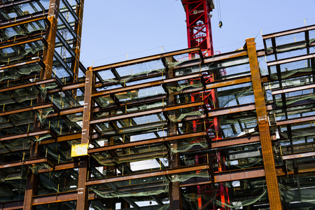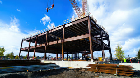 This image depicts a modern steel construction site featuring a large structure, a crane, and clear blue skies, highlighting progress in urban development and engineering.
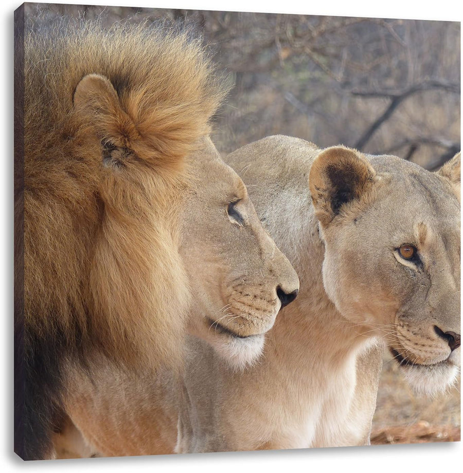 stolzes Löwenpaar, Format: 70x70 auf Leinwand, XXL riesige Bilder fertig gerahmt mit Keilrahmen, Kun
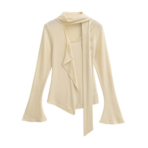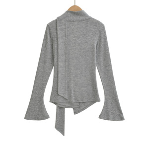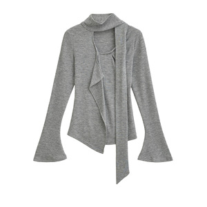 秋季新款设计感荷叶边飘带长袖T恤女 修身显瘦时尚系带上衣女
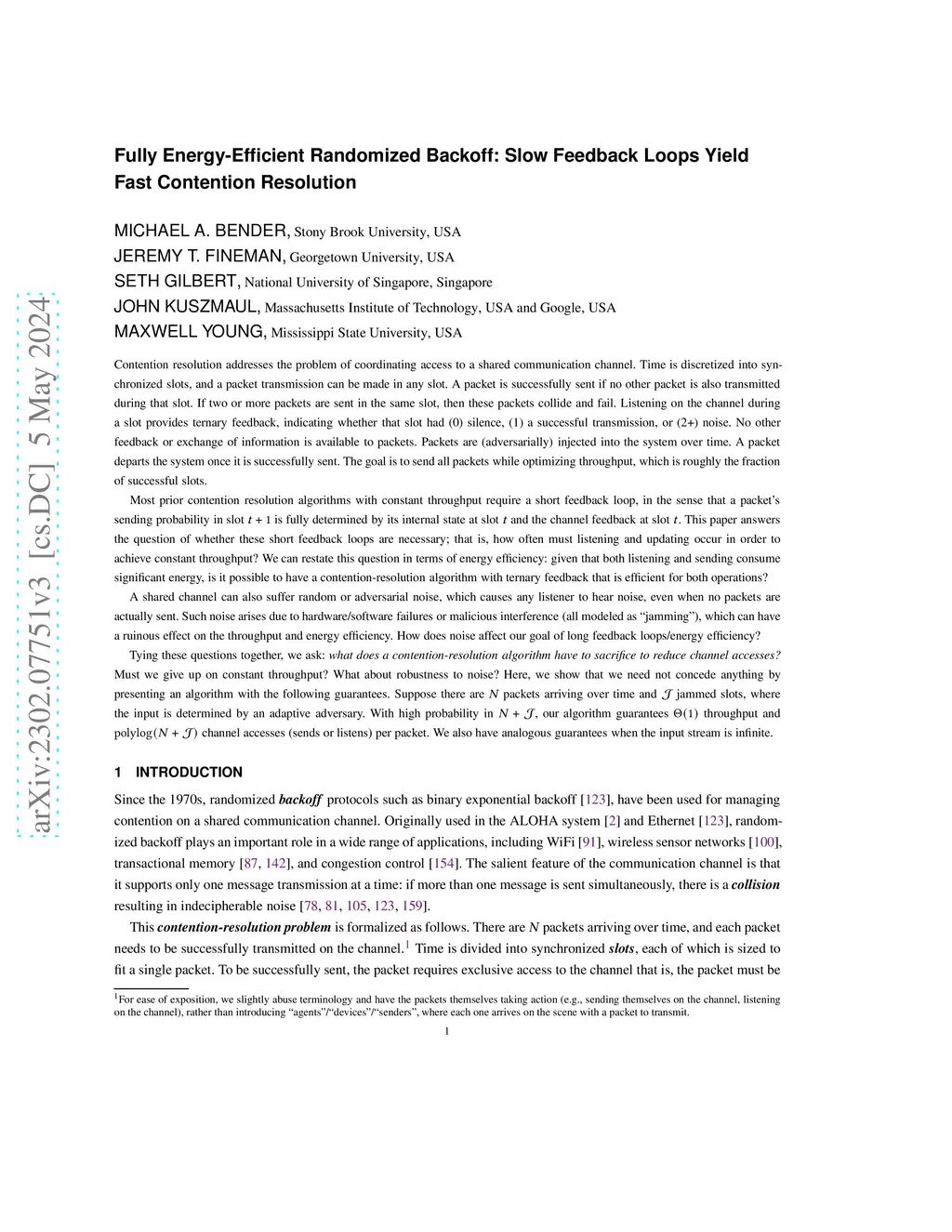Contention resolution addresses the problem of coordinating access to a shared channel. Time proceeds in slots, and a packet transmission can be made in any slot. A packet is successfully sent if no other packet is also transmitted during that slot. If two or more packets are sent in the same slot, then none of these transmissions succeed. Listening during a slot gives ternary feedback, indicating if that slot had (0) silence, (1) a successful transmission, or (2+) noise. No other feedback is available. Packets are (adversarially) injected into the system over time. A packet departs the system once it is successful. The goal is to send all packets while optimizing throughput, which is roughly the fraction of successful slots. Most prior algorithms with constant throughput require a short feedback loop, in the sense that a packet's sending probability in slot t+1 is fully determined by its internal state at slot t and the channel feedback at slot t. An open question is whether these short feedback loops are necessary; that is, how often must listening and updating occur in order to achieve constant throughput? This question addresses energy efficiency, since both listening and sending consume significant energy. The channel can also suffer adversarial noise ("jamming"), which causes any listener to hear noise, even when no packets are sent. How does jamming affect our goal of long feedback loops/energy efficiency? Connecting these questions, we ask: what does a contention-resolution algorithm have to sacrifice to reduce channel accesses? Must we give up on constant throughput or robustness to noise? Here, we show that we need not concede anything. Suppose there are N packets and J jammed slots, where the input is determined by an adaptive adversary. We give an algorithm that, with high probability in N+J, has constant throughput and polylog(N+J) channel accesses per packet.
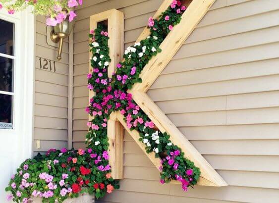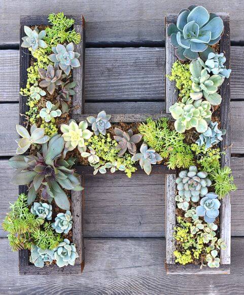 It s like having a living monogram that changes with the seasons. To create your own, cut plywood or pallet boards into letter shapes, then build up the sides with additional wood strips to form a planter box.
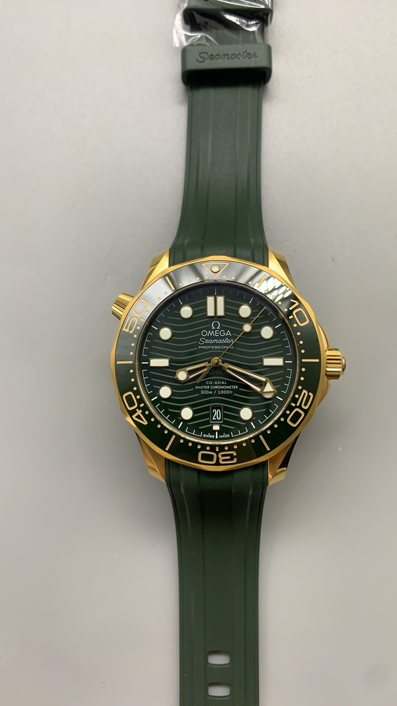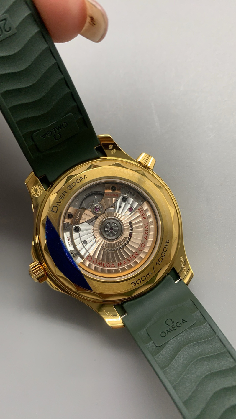 VS工厂2025年三月份全新绿金海马300米复刻表,稳定电镀层,不掉色。
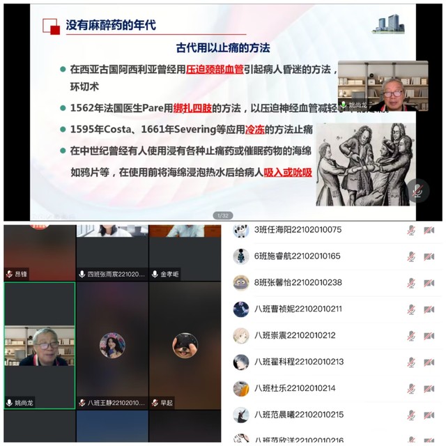 金秋九月,丹桂飘香。为了更好的提升麻醉学新生们对自身专业的认知度和学习能力,提升对学科及专业前沿领域发展状况的了解,122cc太阳成集团于2022年9月29日晚在腾讯会议线上开展“奋斗正青春 启航新征程”入学教育暨年级大会,特邀公司杰出员工、客座教授姚尚龙教授作“砥砺责任担当,不负青春韶华”主题讲座。会议由122cc太阳成集团副经理郭文俊主持,122cc太阳成集团原经理金孝岠教授,麻醉公司党委书记、副经理许国飞,麻醉公司党委副书记张卉,年级辅导员昂锋以及全体2022级新生参加会议。
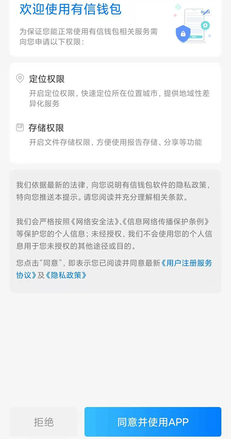 有信钱包真有自己说的那么正规和无辜吗?探长读财下载并安装有信钱包发现,首次打开有信钱包APP必须同意其《用户注册服务协议》和《隐私政策》,并开启定位权限和存储权限,如果点击“拒绝”将无法使用APP。
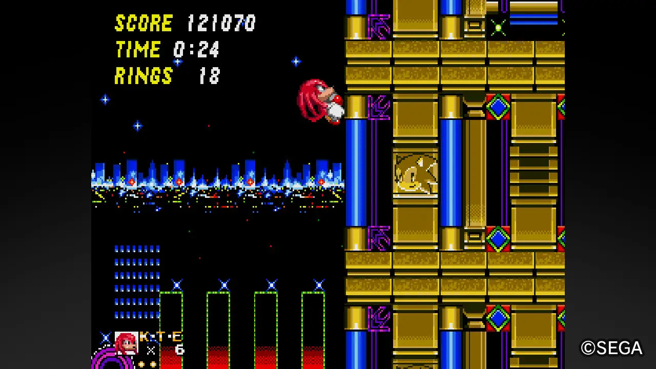 Finally, there are quite a few new modes to change up the core game a bit. Ring Keep mode, as its name suggests, allows you to keep half of your rings upon taking damage, and grants 10 rings at the start of each stage. It does feel a bit like cheating, but it’s nice to have if you want to run through the game quickly and it makes some of the annoying zones more bearable. After beating the main game once in either normal or Ring Keep mode, you unlock Super Sonic mode which gives you the ability to transform into your super form right at the beginning of the game, no chaos emeralds required. Just like the mobile ports, you can also do all of these things with Knuckles, who was introduced in Sonic 3. It’s very clear that these stages weren’t designed with his ability to glide and climb up walls in mind, but it’s a very welcome addition nonetheless. There is also a small challenge mode for both Sonic and Knuckles, which tasks you with going through the first stage as quickly as possible while collecting 100 rings. I didn’t find this final mode as engaging as the rest, but those who enjoy climbing online leaderboards will find something to satisfy that urge here in addition to the game now keeping track of how many rings you can collect without getting hit in a single playthrough.
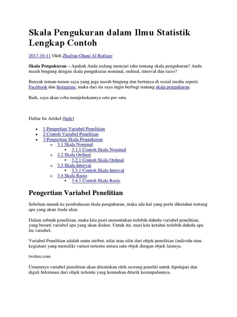 Pada proses kuantifikasi, data maupun variabel dapat diklasifikasikan dalam empat jenis skala pengukuran yakni nominal, ordinal, interval, . Ordinal, data interval, dan data rasio. Anda masih bingung dengan skala pengukuran nominal, ordinal, interval dan rasio? Dan c adalah 1, jika dilihat menggunakan skala rasio berat badan bayi a tiga kalilipat dari . Data nominal, ordinal, interval, dan rasio. Data nominal, ordinal, interval, dan rasio? Skala pengukuran interval dan rasio; Skala pengukuran nominal dan ordinal; Ø dalam banyak kegiatan penelitian, data skor yang diperoleh melalui kuesioner (misalnya skala sikap. Data nominal yang juga dikenal sebagai skala nominal adalah jenis data yang digunakan untuk . Skala (statistik) · 1 skala nominal · 2 skala ordinal · 3 skala interval · 4 skala rasio · 5 kelebihan dan kekurangan · 6 referensi . Data berdasarkan skalanya dapat dibedakan menjadi data nominal, data ordinal, data interval, dan data rasio. Skala pengukuran yang digunakan dalam dalam skala statistika yakni nominal, ordinal interval dan rasio.

+---+

**REQUIRED ACTION**. Return the material from the line containing "金秋九月,丹桂飘香。为了更好" through the line containing "Finally, there are", exactly and in full, but without its pictures.

**TASK ANSWER**.
 金秋九月,丹桂飘香。为了更好的提升麻醉学新生们对自身专业的认知度和学习能力,提升对学科及专业前沿领域发展状况的了解,122cc太阳成集团于2022年9月29日晚在腾讯会议线上开展“奋斗正青春 启航新征程”入学教育暨年级大会,特邀公司杰出员工、客座教授姚尚龙教授作“砥砺责任担当,不负青春韶华”主题讲座。会议由122cc太阳成集团副经理郭文俊主持,122cc太阳成集团原经理金孝岠教授,麻醉公司党委书记、副经理许国飞,麻醉公司党委副书记张卉,年级辅导员昂锋以及全体2022级新生参加会议。
 有信钱包真有自己说的那么正规和无辜吗?探长读财下载并安装有信钱包发现,首次打开有信钱包APP必须同意其《用户注册服务协议》和《隐私政策》,并开启定位权限和存储权限,如果点击“拒绝”将无法使用APP。
 Finally, there are quite a few new modes to change up the core game a bit. Ring Keep mode, as its name suggests, allows you to keep half of your rings upon taking damage, and grants 10 rings at the start of each stage. It does feel a bit like cheating, but it’s nice to have if you want to run through the game quickly and it makes some of the annoying zones more bearable. After beating the main game once in either normal or Ring Keep mode, you unlock Super Sonic mode which gives you the ability to transform into your super form right at the beginning of the game, no chaos emeralds required. Just like the mobile ports, you can also do all of these things with Knuckles, who was introduced in Sonic 3. It’s very clear that these stages weren’t designed with his ability to glide and climb up walls in mind, but it’s a very welcome addition nonetheless. There is also a small challenge mode for both Sonic and Knuckles, which tasks you with going through the first stage as quickly as possible while collecting 100 rings. I didn’t find this final mode as engaging as the rest, but those who enjoy climbing online leaderboards will find something to satisfy that urge here in addition to the game now keeping track of how many rings you can collect without getting hit in a single playthrough.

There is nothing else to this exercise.